Task prompt:
Pull every line holding the word "gloves" out of the data and copy it.

Data to use:

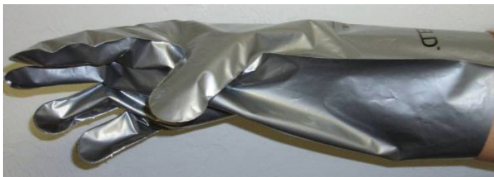
Figure 10. Barrier laminate gloves.

Polymers used for chemical-resistant gloves (Figures 10–15) include those materials listed in Table 1. These materials are used either individually or in various combinations in commercially available gloves. Canvas and leather gloves will not protect against exposure to pesticides because these materials absorb pesticide easily and cannot be decontaminated.
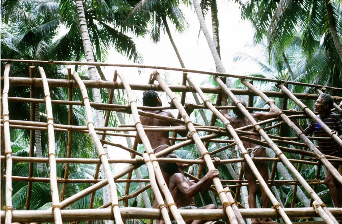
Tobi Island 1972: Santos's New Roof

Horofati is the name of the cross brace that is part of the framework under the thatch on a roof.
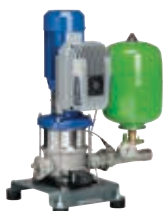
KSB Delta Solo MVP
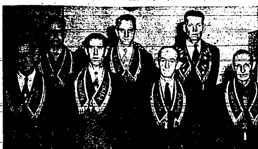
Pictured above are the new officers of the Twin Falls lodge of the Independent Order of Odd Fellows...
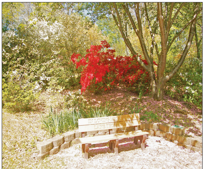
Hamilton Gardens has been a sight to see this spring at the Georgia Mountain Fairgrounds.
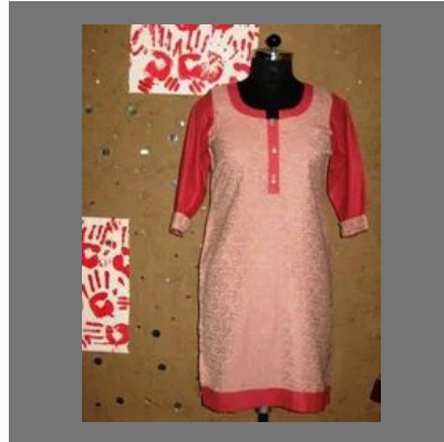
Designer Printed Kurtis
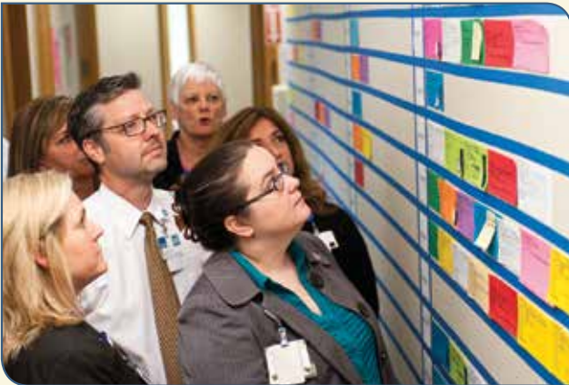
Each team member uses tools and techniques that allow a shared language and approach.
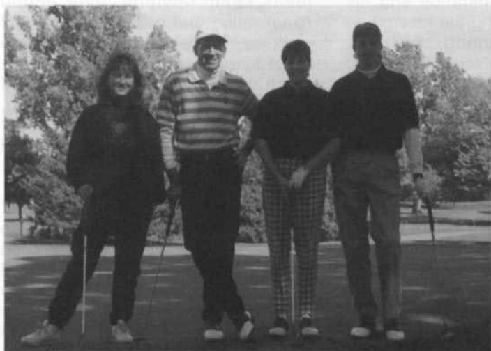
Our great hosts.

The calendar is already marked: October 4&5, 1997; Drugan's Castle Mound golf course, LaCrosse, Wisconsin. Be there or be square! 🏌️
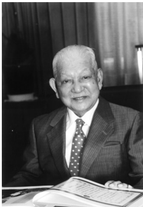
Ryoichi Sasakawa

a small right-wing political party. He became a strong supporter of Japan's entry into World War II.
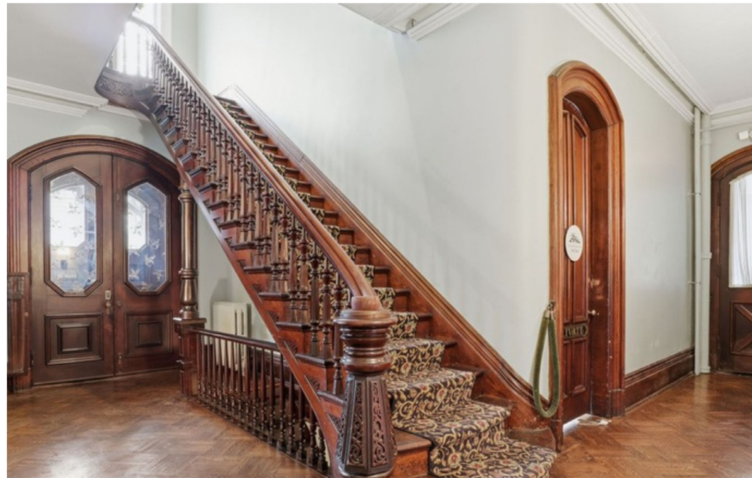
THE DELAND HOUSE ON MAIN
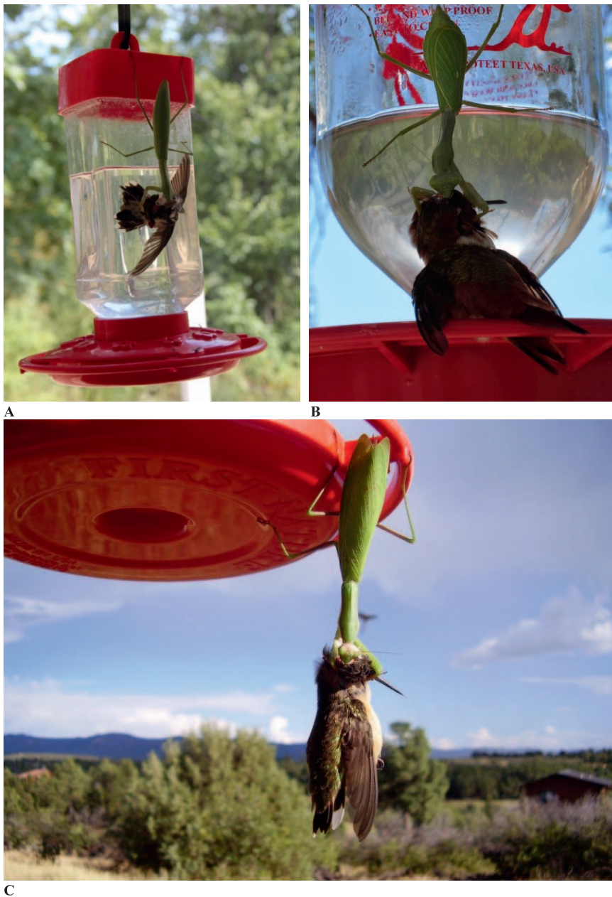
FIG. 1. Predation of birds by mantids at hummingbird feeder locations in the USA. (A) Tenodera sinensis eating a Ruby-throated Hummingbird ( Archilochus colubris) in Green Castle, Missouri ; (B) Stagmomantis limbata eating Allen's Hummingbird ( Selasphorus sasin) in San Juan Capistrano, California ; and (C) Mantis religiosa eating a Black-chinned Hummingbird ( Archilochus alexandri) in Millwood, Colorado.

The preponderance of predation events of hummingbirds in North America can be explained by several factors. First, North America is inhabited by some of the world's smallest birds,

Answer for the task:
Figure 10. Barrier laminate gloves.
Polymers used for chemical-resistant gloves (Figures 10–15) include those materials listed in Table 1. These materials are used either individually or in various combinations in commercially available gloves. Canvas and leather gloves will not protect against exposure to pesticides because these materials absorb pesticide easily and cannot be decontaminated.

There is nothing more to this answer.